Alphabetical comparison of two strings in C

Question

My programming experience is extremely scattered and I can't seem to find the answer to what I hope is a simple question. I had an assignment last week that I didn't properly finish and it's bugging me to death.

I was supposed to compare two strings alphabetically without using strcmp and find out which string is alphabetically first via a function using pointers.

int strcmp373(char *str1, char *str2) {
  while(*str1 != '\0')
  {
    str1++;
  }
  while(*str2 != '\0')
  {
    str2++;
  }
if(*str1 == *str2)

}

This is my horrible attempt, my thought process being to use the null terminated value. I was hoping I could get some insight and explain how it works?

Here's a copy of the assignment specifications for reference.

Write a function called strcmp373, which compares two strings in precisely the same way that strcmp does in the C library . This time, please use "pointer syntax" in writing this function. That is, the [ ] operator should not be used at all when referring to particular characters in string1 and string2; instead, all parameters and local variables should be declared as pointers (using the * symbol). Please be sure that you emulate the strcmp C function. Note that strcmp returns 0 if the two strings are equal, even though 0 normally means false in C. The sign of other return values matters is used to indicate in what way the strings are not the same, but the precise return value is not important. You may not use any of the built-in C string library functions to complete this code.
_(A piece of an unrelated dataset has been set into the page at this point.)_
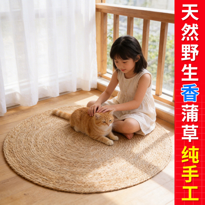 【天然草编地垫】可水洗蒲草地毯圆形客厅沙发床边脚垫松弛感垫子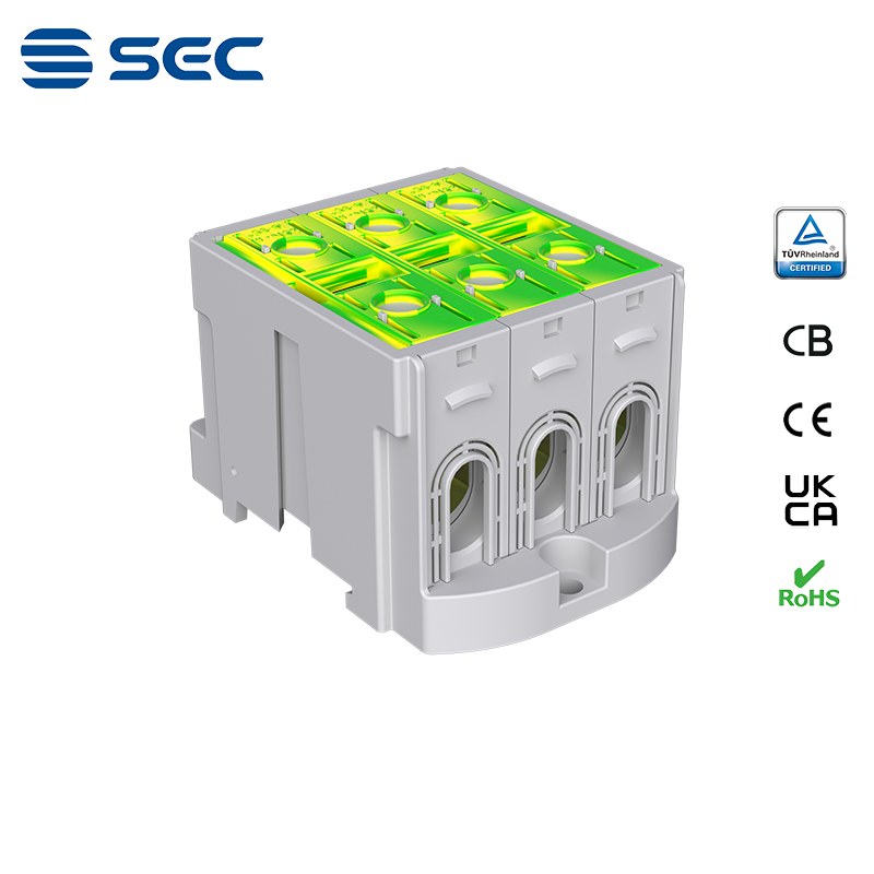 SAT series Al/Cu universal terminal block is totally patent design product by STRONG ELECTRIC, which offers the best quality, safety installation features in the market. All the product already got TUV mark, CB, CE, UKCA, RoHS certificate. It was designed for both copper conductor and Aluminum conductor. The most important is this terminal block are allowed each pieces of product can connect each other easily.

Here is the prototype of this function:

int strcmp373(char *, char *);

And here is a main function which you can use to test strcmp373.

#include <stdio.h>
#include "hw3.h" // to be discussed

int main() {
char str1[81], str2[81];
char again = 'y', newline;
while (again == 'y') {
    printf("Enter a string\n");
    scanf("%s", str1);
    printf("Enter another string\n");
    scanf("%s", str2);
    int comp = strcmp373(str1, str2);
    if (comp < 0)
        printf("%s is alphabetically before %s\n", str1, str2);
    else if (comp > 0)
        printf("%s is alphabetically after %s\n", str1, str2);
    else printf("%s and %s are the same\n", str1, str2);
    printf("Again? (y/n)\n");
    scanf("%c%c", &newline, &again);
}
}

Answer 1

Let's say str1 points to something that holds "abcd" and str2 points to something that holds "abc".

str1
|
v
+---+---+---+---+----+
| a | b | c | d | \0 |
+---+---+---+---+----+

str2
|
v
+---+---+---+----+
| a | b | c | \0 |
+---+---+---+----+

When you execute

while(*str1 != '\0')
{
  str1++;
}

You move str1 until it points to the null character.

str1
|
v
+---+---+---+---+----+
| a | b | c | d | \0 |
+---+---+---+---+----+

    str1
    |
    v
+---+---+---+---+----+
| a | b | c | d | \0 |
+---+---+---+---+----+

        str1
        |
        v
+---+---+---+---+----+
| a | b | c | d | \0 |
+---+---+---+---+----+

            str1
            |
            v
+---+---+---+---+----+
| a | b | c | d | \0 |
+---+---+---+---+----+

                str1
                |
                v
+---+---+---+---+----+
| a | b | c | d | \0 |
+---+---+---+---+----+

Similarly, when you execute

while(*str2 != '\0')
{
  str2++;
}

You move str2 until it points to the null character.

str2
|
v
+---+---+---+----+
| a | b | c | \0 |
+---+---+---+----+

    str2
    |
    v
+---+---+---+----+
| a | b | c | \0 |
+---+---+---+----+

        str2
        |
        v
+---+---+---+----+
| a | b | c | \0 |
+---+---+---+----+

            str2
            |
            v
+---+---+---+----+
| a | b | c | \0 |
+---+---+---+----+

When the while loops are done, both str1 and str2 point to a null character. Hence, *str1 == *str2 always evaluates to true.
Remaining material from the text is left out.